Resumo criado por JUSTICIA, o assistente de inteligência artificial do Jus.

A partir do ano de 2003, o MTE passou a divulgar em uma lista os nomes das empresas que foram autuadas pelo uso do trabalho análogo ao escravo a partir da fiscalização desse órgão e que tiveram estas autuações confirmadas após processo administrativo.As Portarias Administrativas do MTE respeitam os dispositivos Constitucionais e Princípios vigentes. Além disso, a divulgação dos condenados administrativamente respeita a Lei de Acesso à Informação e Convenções Internacionais.

Resumo: A partir do ano de 2003 o Ministério do Trabalho e Emprego passou a divulgar em uma lista os nomes das empresas que foram autuadas pelo uso do trabalho análogo ao escravo a partir da fiscalização desse órgão e que tiveram estas autuações confirmadas após processo administrativo. Apesar de uma suposta ilegalidade, trata-se de um ato administrativo que respeita os dispositivos Constitucionais e os Princípios vigentes. As Portarias que divulgam os nomes respeitam a Lei de Acesso à Informação, constituindo-se em instrumento de transparência das ações governamentais, coincidindo com as Convenções Internacionais de combate ao trabalho escravo, as quais o Brasil é signatário. Reconhecido internacionalmente por sua eficácia, a relação de maus empregadores passou a ser efetiva pelo constrangimento causado às empresas flagradas na prática do trabalho escravo, gerando perdas financeiras em títulos e ações, além de servir de base para análise de risco para as instituições de crédito, o que ocasionou, por sua vez, acusações infundadas que serão debatidas neste trabalho.

Palavras-chave: lista, trabalho escravo, Direito Administrativo, legalidade, Ministério do Trabalho e Emprego.

Sumário : 1. O trabalho escravo no Brasil e no Mundo; 2.O Trabalho Escravo na Legislação Brasileira: Direito Penal x Direito Administrativo; 3. Números do Trabalho Escravo; 4.Mecanismos de Combate ao Trabalho Escravo; 5.Lista Suja do Trabalho Escravo; 6.Controvérsias, Atuação do Supremo Tribunal Federal e a Atual Situação; 7.Considerações Finais. Referências.


Introdução

Primeiramente, ressalta-se que o objetivo deste artigo não é avançar sobre o conceito de trabalho escravo ou análogo ao de escravo, apesar de obrigatoriamente apontar alguns conceitos.

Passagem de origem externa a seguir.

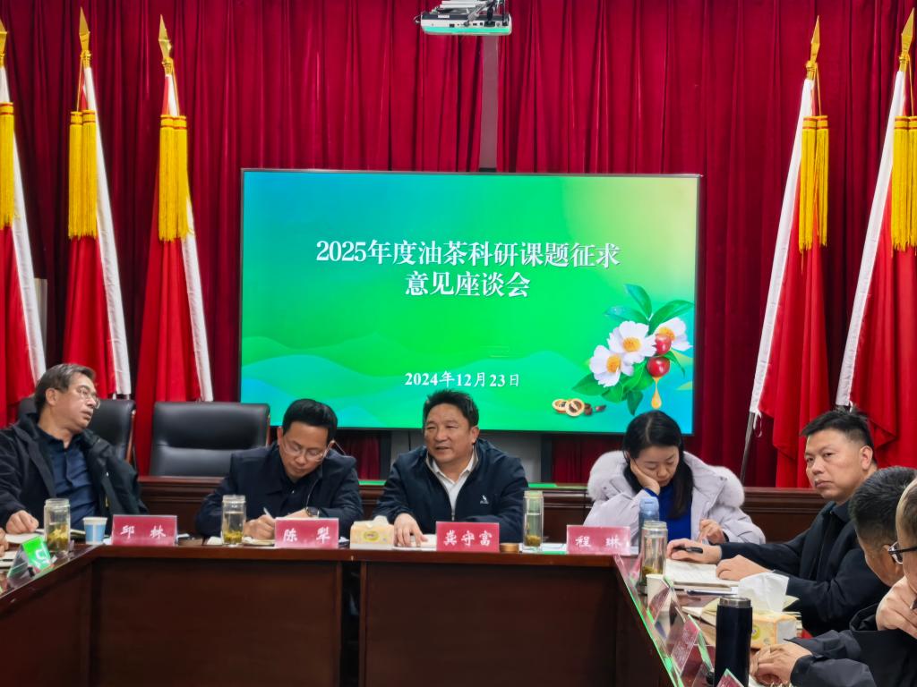 2024年12月23日,大别山油茶学院院长龚守富教授、河南省科技特派员朱振飞博士,应信阳市油茶产业发展中心邀请,出席了在市林业局五楼会议室召开的2025年度油茶科研课题征求意见座谈会。会议由信阳市人民政府机关党组成员、市林业和茶产业局党组成员、市油茶产业发展中心主任陈犁主持,旨在针对信阳市油茶产业发展中的关键技术瓶颈问题,征求各方意见,以推动科技成果转化。

Busca-se com este trabalho o debate acerca da (i)legalidade do ato administrativo de inclusão de pessoas físicas e jurídicas no Cadastro de Empregadores que tenham submetido trabalhadores a condições análogas às de escravo do Ministério do Trabalho e Emprego (MTE).


1. O trabalho escravo no Brasil e no Mundo

A exploração da mão de obra alheia, baseado na escravidão, iniciou-se nos primórdios da humanidade. Desde milênios, em todas as áreas geográficas do mundo, a escravidão foi uma prática comum e aceita por diversos povos. Somente a partir do século XIX é que esta prática passou a ser criticada e considerada ilegal em muitas regiões. Apesar disso, atualmente milhões de indivíduos encontram-se na situação de trabalho escravo.

Qual a diferença entre uma situação que tornava alguém um escravo no século XIX, quando a escravidão era uma instituição reconhecida e identificada com a propriedade sobre as pessoas ou como definir alguém como escravo, com alguma precisão, no século XXI, quando a propriedade sobre pessoas não é admitida pela lei? Reconhecidamente as situações de escravidão, assim como a sua própria definição, foram sendo alteradas ao longo da história. Pode-se imaginar que o termo “escravo” no século XIX significava uma pessoa sobre a qual havia um verdadeiro direito de propriedade; diferentemente, no século XXI, não há nenhum poder ou direito de propriedade sobre pessoas, já que a escravidão foi abolida através de leis e dispositivos legais.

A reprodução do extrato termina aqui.